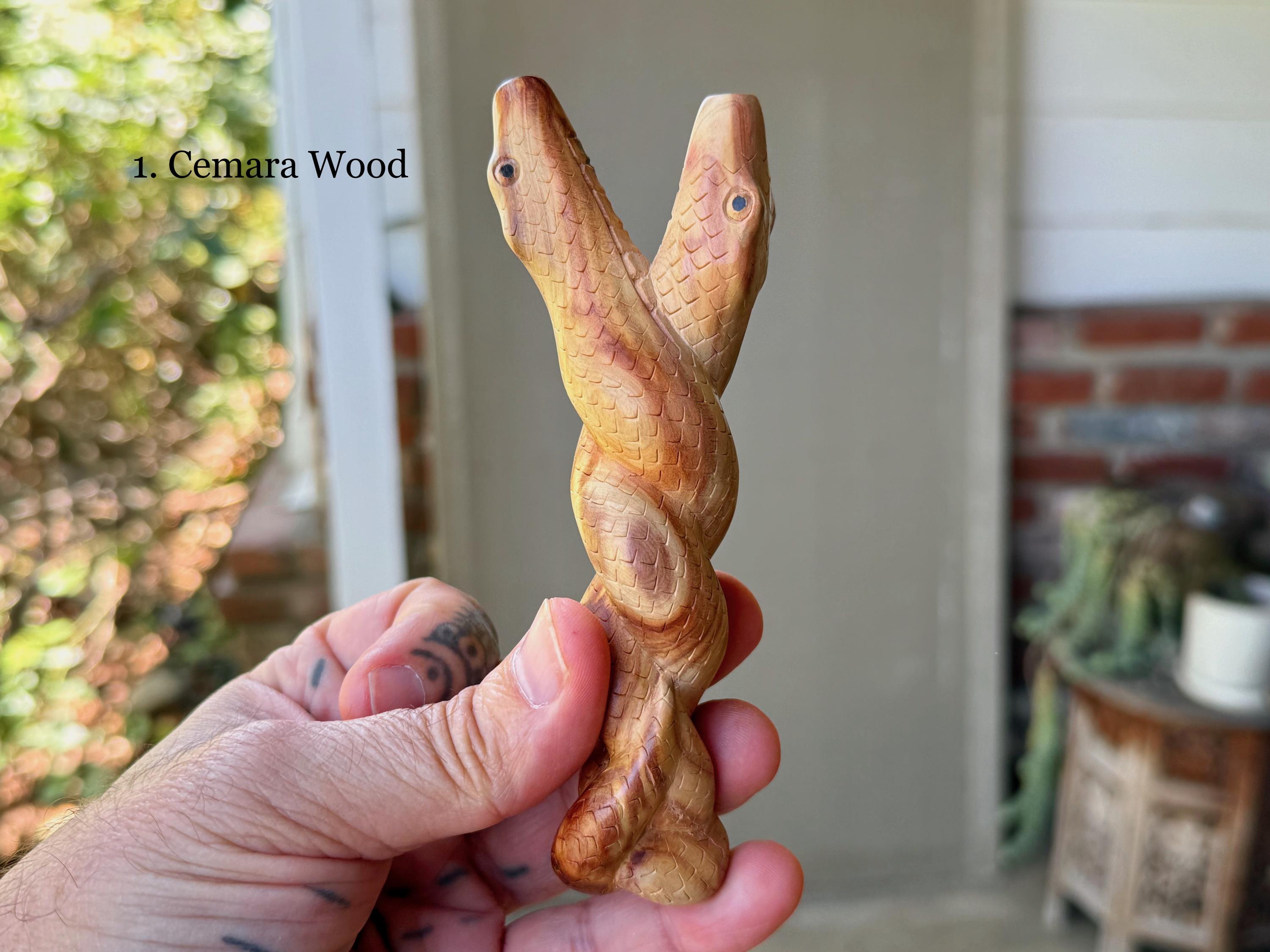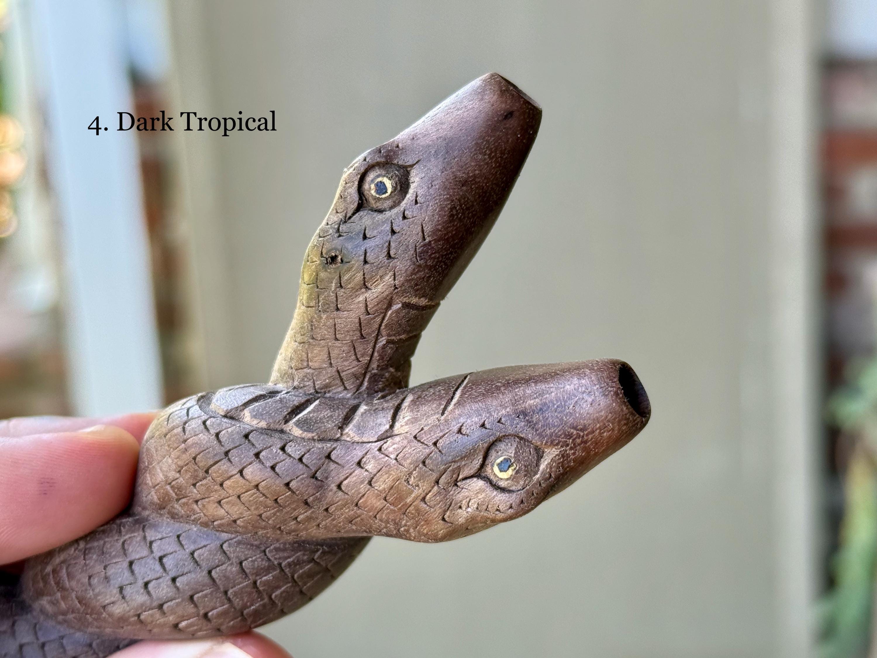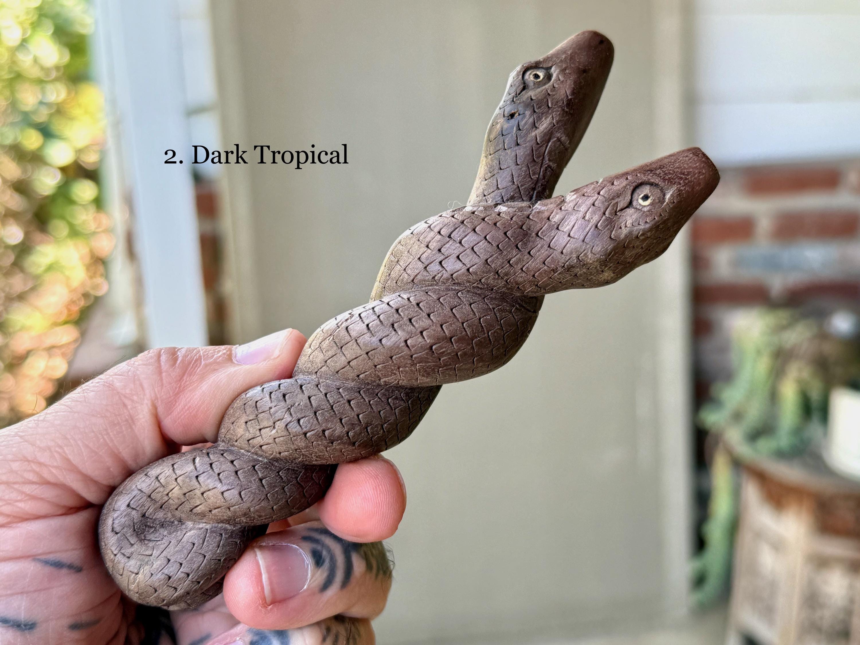 These Snake Kuripes — for self-administering hapé — were hand carved from native, tropical hardwoods. There are two styles available, simply select your preference from the dropdown menu.
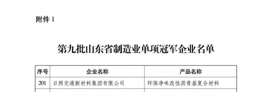 近日,省工信廳公布了第九批山東省制造業(yè)單項冠軍企業(yè)名單,新材料集團憑借“環(huán)保凈味改性瀝青基復(fù)合材料”產(chǎn)品,榮獲“山東省制造業(yè)單項冠軍企業(yè)”稱號。
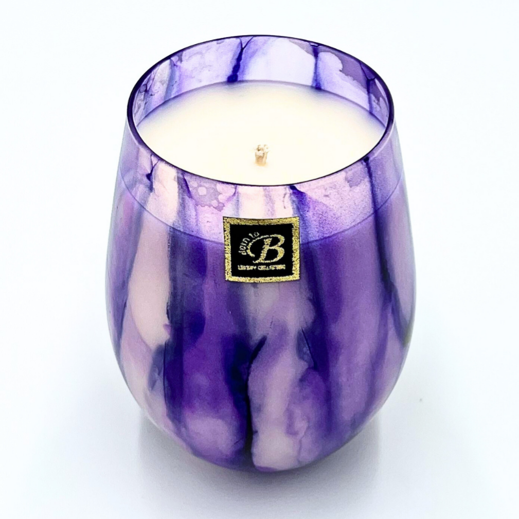 Laissez parler votre côté fun et décomplexé. La Rainbow Purple est une invitation à la joie de vivre dans un écrin en verre arty et vibrant. Un tie-dye violet hypnotique qui transforme chaque pièce en terrain de jeu chic et parfumé.
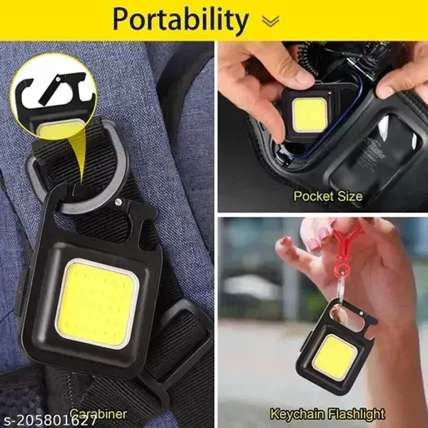 VEV COB Rechargeable Key Chain Light Mini Flashlight Led Light With Bottle Opener Multipurpose (Black)
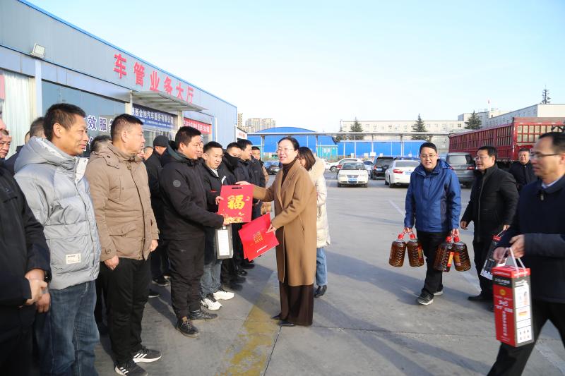 市人大常委会副主任、市总工会主席赵雅玲出席现场慰问活动,市委社会工作部、市交通运输局与市总工会的相关负责人一同参加慰问。活动为现场50多名货车司机发放了保温壶、春联、米、面、油等物品。
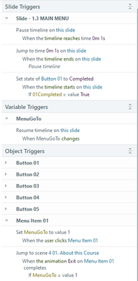 Hi, I have a main menu on my course with an exit animation. I am using the attached triggers for navigation when the menu items are clicked.
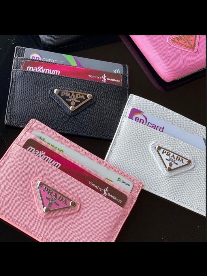 Prada baskılı deri cüzdan, pastel pembe renkte, velcro kapamalı, günlük kullanım için uygun, trend sokak stiliyle uyumlu.
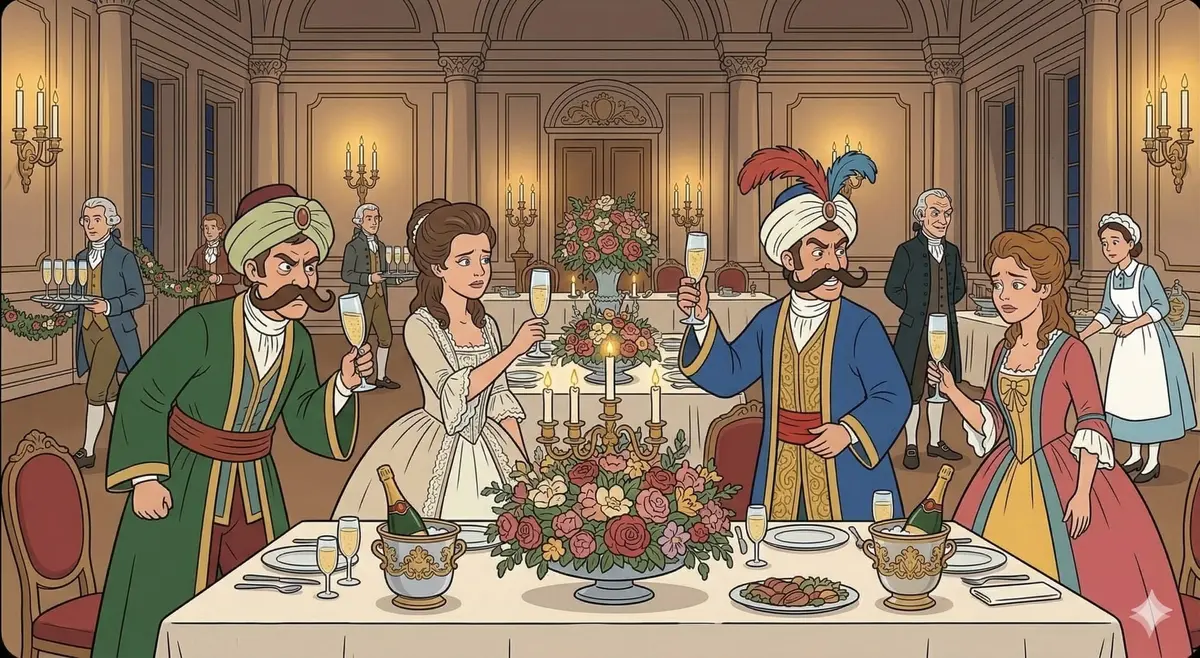 Don Alfonso and Despina orchestrate a lavish double wedding banquet with breathless efficiency in "Fate presto, o cari amici," servants bustling about with flowers and champagne. The two new couples raise their glasses in the glittering toast "E nel tuo, nel mio bicchiero," pledging to drown past sorrows in the wine of new love, though Guglielmo mutters darkly that he wishes it were poison. The celebration sparkles on the surface, but underneath, every heart is conflicted: the sisters feel a lingering guilt, and the men nurse wounds that no amount of festivity can heal.

━━━━

### The task
Within the listing above, copy exactly the lines that start at the one with "市人大常委会副主任、市总工会" and continue through the one with "Prada baskılı deri". Omit pictures.

### Response below
 市人大常委会副主任、市总工会主席赵雅玲出席现场慰问活动,市委社会工作部、市交通运输局与市总工会的相关负责人一同参加慰问。活动为现场50多名货车司机发放了保温壶、春联、米、面、油等物品。
 Hi, I have a main menu on my course with an exit animation. I am using the attached triggers for navigation when the menu items are clicked.
 Prada baskılı deri cüzdan, pastel pembe renkte, velcro kapamalı, günlük kullanım için uygun, trend sokak stiliyle uyumlu.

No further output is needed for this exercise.